Anyone who’s ever been to Beirut has probably noticed some pretty eery-looking bullet marks on the walls of this one particular building to the side of Beirut’s downtown ring road. And we’re not talking about the generic shell scars you can still find about town – ubiquitous relics of the Lebanese Civil War. We’re referring to a specific wall near the once-bustling Monot Street, which is peppered with misshapen holes that appear from afar to be seeping red blood, like open wounds. Except upon closer exception, the red ‘blood stains’ are in fact cartoonish characters, the signature characters of the artist and activist Jad El Khoury, AKA Potato Nose.
It’s one of many city walls this former architect illicitly transformed with his childhood doodles, some repelling equipment and several cans of paint as part of his ‘War Peace’ movement, a project he launched over a decade ago under the cover of his alter ego’s amusing name. Meant to draw attention and serve as a reminder of the horrors of war, the murals have added colour and humour to the decrepit remnants of a fifteen-and-a-half year war that ended in 1990.

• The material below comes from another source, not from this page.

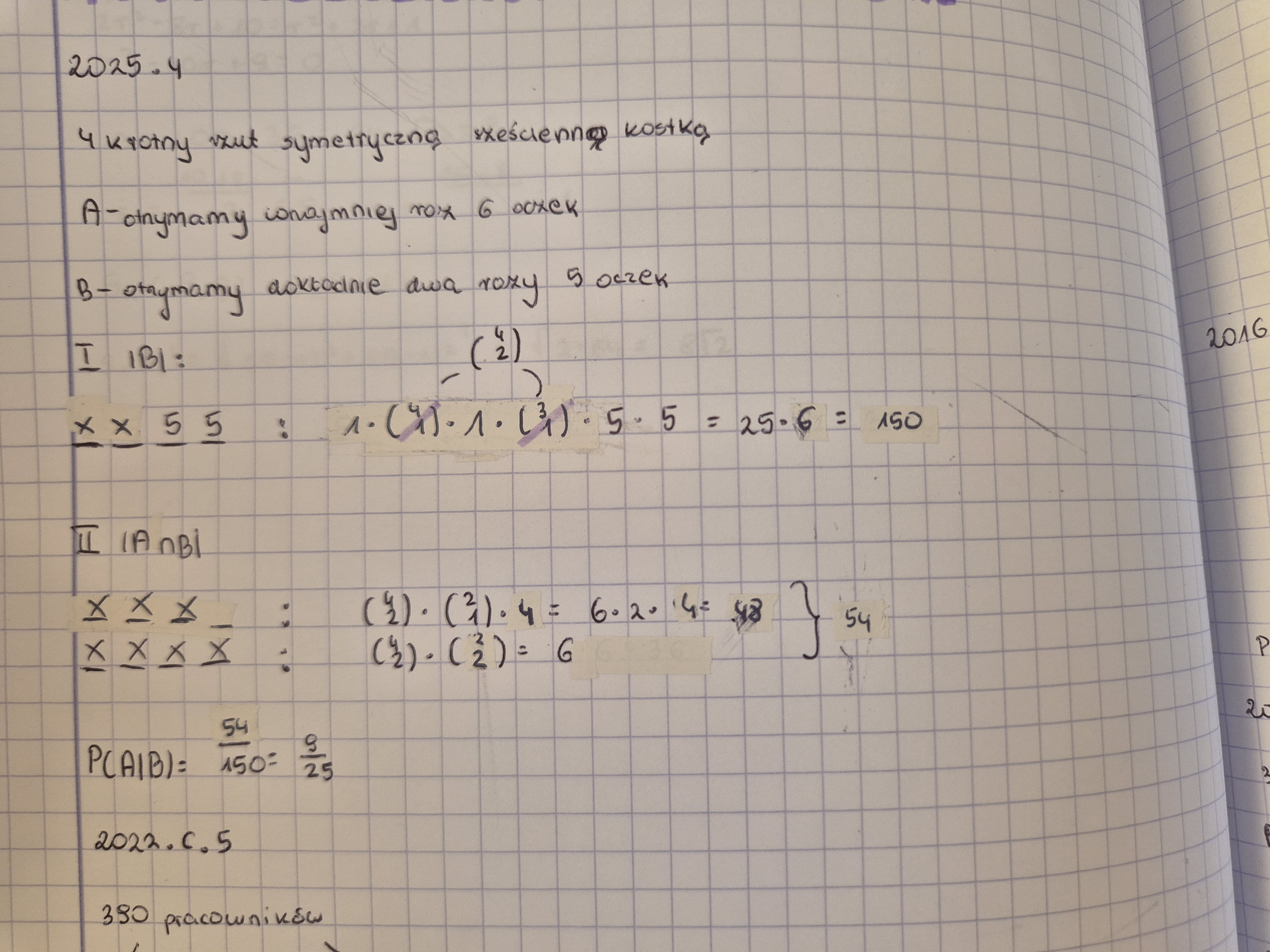 Dlaczego skoro w rzucie kostkami kolejnosc ma znaczenie, to np. W I) |B| gdzie wybieram miejsca gdzie otrzymam 5 oczek to muszę zrobić 4 po 2, a nie mogę zrobić 4 po 1 i potem 3 po 1 skoro kolejność ma znaczenie?

Those interventions, as he calls them, were followed up with a more law-abiding project he called Burj El Hawa (or Tower of Wind) last year, when he outfitted an abandoned, forty-two storey building with colourful curtains in every single one of its 400 dark, empty window frames (with the approval of the Lebanese army and the support of local art house Letitia Gallery).
“I chose to use the same sort of curtains you find on the balconies of buildings in the poor neighbourhoods of Beirut,” he explains, before adding that the skyscraper – known by most people as the Burj El-Murr – was initially intended to serve as the Trade Centre of Lebanon.
“In Paris they have the Eiffel Tower, in New York the Statue of Liberty and in Beirut you have the Burj El Murr,” Khoury suggests. Except in Beirut, the dream turned to nightmare before its conclusion, when it was taken over by snipers looking for the perfect vantage point to aim at targets on the city’s Green Line, a demarcation separating opposing forces in East and West Beirut.
“I wanted people to look at these buildings. We’ve become so used to looking at the traces of war that we don’t see them anymore. I want the post-war generation to learn from what happened,” he says of the installation that brought new life to a sombre monument, with its drapes billowing in the wind.
The installation is now the subject of a documentary and art installation Khoury is presenting at the first edition of the Countless Cities Bienniale (June 28th to October 28th) that’s going to be held in the tiny town of Favarra in Sicily, with the aim of debating and contributing to the implementation of the UN’s Sustainable Development Goals (SDG) and the New Urban Agenda (NUA).
Khoury’s message of peace will also make it’s way around the world in a biggger-yet-subtler way: following his Art Laguna Prize in 2018, Khoury has been tapped by Swatch to produce Orange Pusher, a watch design depicting his fanciful drawings, part of the brand’s graffiti-inspired collection called ‘Listen to Me’.
It may finally be time for the small Mediterranean country to leave the darker remnants of its past behind.